▸ Problem description:
Only some lines are wanted. Transcribe, exactly, the lines below from the line with "Please check the" up to and including the line with "This bouncy castle".

▸ Records for this task:
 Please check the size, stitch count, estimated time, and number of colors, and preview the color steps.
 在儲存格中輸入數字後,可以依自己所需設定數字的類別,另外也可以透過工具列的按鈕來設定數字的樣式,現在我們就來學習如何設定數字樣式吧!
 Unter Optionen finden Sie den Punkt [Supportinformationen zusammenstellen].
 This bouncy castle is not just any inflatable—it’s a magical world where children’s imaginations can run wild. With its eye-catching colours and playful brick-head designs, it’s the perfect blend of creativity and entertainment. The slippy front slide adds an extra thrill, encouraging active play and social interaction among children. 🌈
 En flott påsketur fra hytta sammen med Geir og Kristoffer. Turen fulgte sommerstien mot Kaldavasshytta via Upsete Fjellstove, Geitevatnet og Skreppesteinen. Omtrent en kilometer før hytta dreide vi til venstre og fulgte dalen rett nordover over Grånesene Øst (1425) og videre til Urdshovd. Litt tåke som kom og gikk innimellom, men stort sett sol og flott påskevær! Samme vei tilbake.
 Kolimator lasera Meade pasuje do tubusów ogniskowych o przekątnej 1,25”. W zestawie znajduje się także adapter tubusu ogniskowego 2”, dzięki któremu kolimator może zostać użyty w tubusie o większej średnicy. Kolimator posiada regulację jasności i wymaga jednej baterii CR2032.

* * *

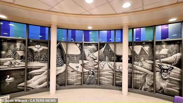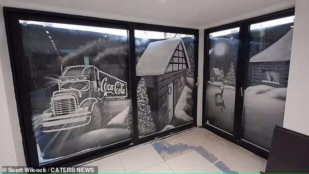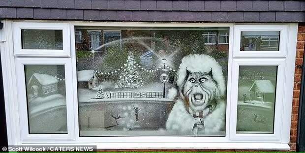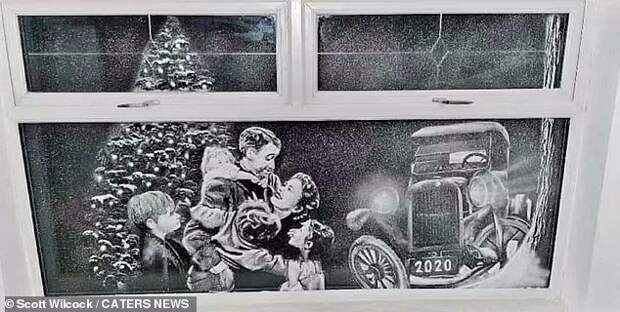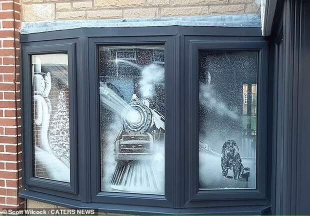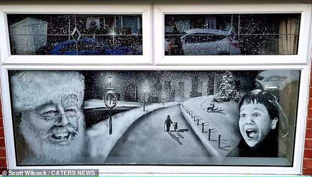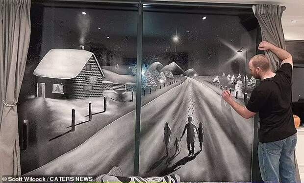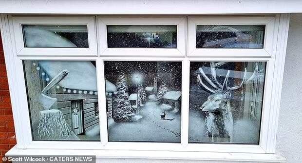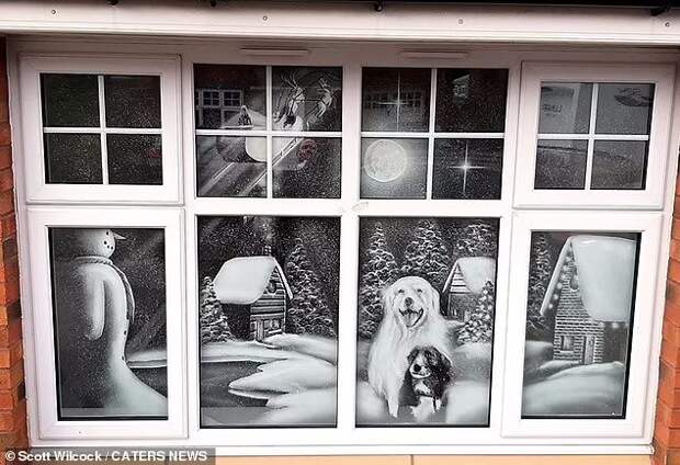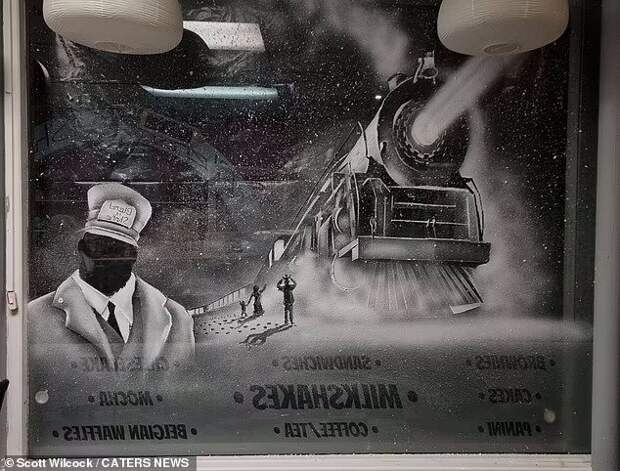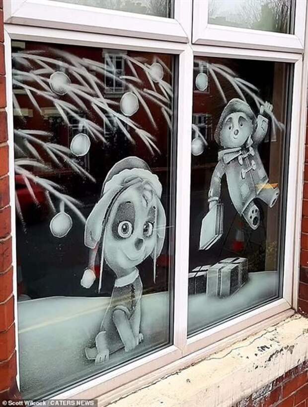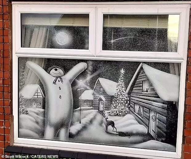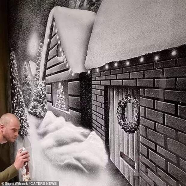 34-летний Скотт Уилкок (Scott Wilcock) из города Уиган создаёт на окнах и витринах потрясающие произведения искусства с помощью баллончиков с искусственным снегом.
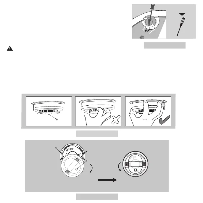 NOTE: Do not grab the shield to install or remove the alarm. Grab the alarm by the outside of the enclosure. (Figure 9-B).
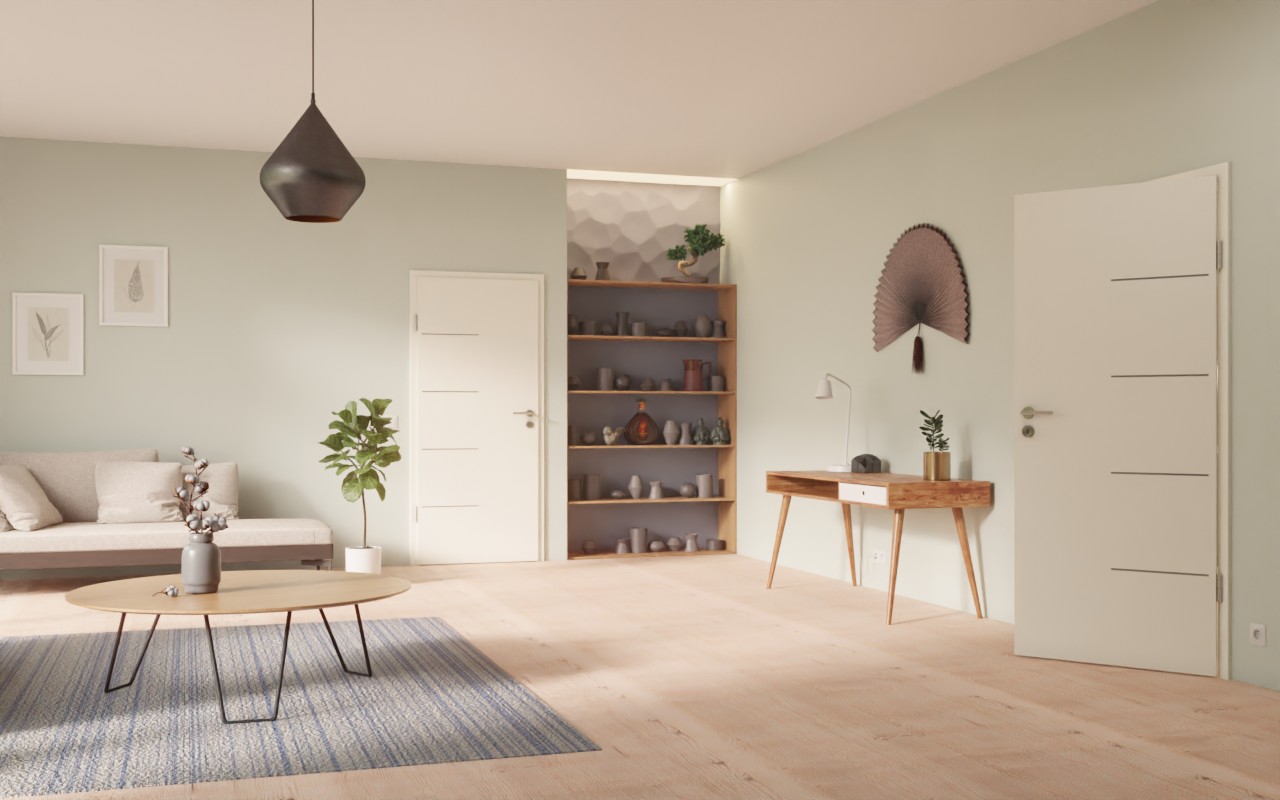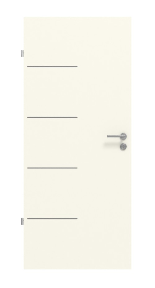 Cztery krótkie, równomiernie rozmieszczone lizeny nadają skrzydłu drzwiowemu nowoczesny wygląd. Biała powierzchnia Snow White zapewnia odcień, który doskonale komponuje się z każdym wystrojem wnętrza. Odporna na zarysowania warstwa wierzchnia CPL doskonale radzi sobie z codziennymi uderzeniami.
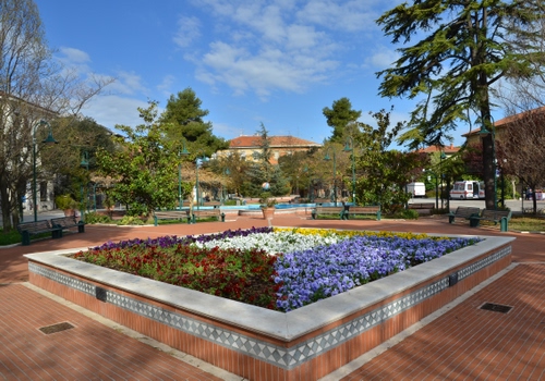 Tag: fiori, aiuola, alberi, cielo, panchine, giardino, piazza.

▸ Answer box:
 Please check the size, stitch count, estimated time, and number of colors, and preview the color steps.
 在儲存格中輸入數字後,可以依自己所需設定數字的類別,另外也可以透過工具列的按鈕來設定數字的樣式,現在我們就來學習如何設定數字樣式吧!
 Unter Optionen finden Sie den Punkt [Supportinformationen zusammenstellen].
 This bouncy castle is not just any inflatable—it’s a magical world where children’s imaginations can run wild. With its eye-catching colours and playful brick-head designs, it’s the perfect blend of creativity and entertainment. The slippy front slide adds an extra thrill, encouraging active play and social interaction among children. 🌈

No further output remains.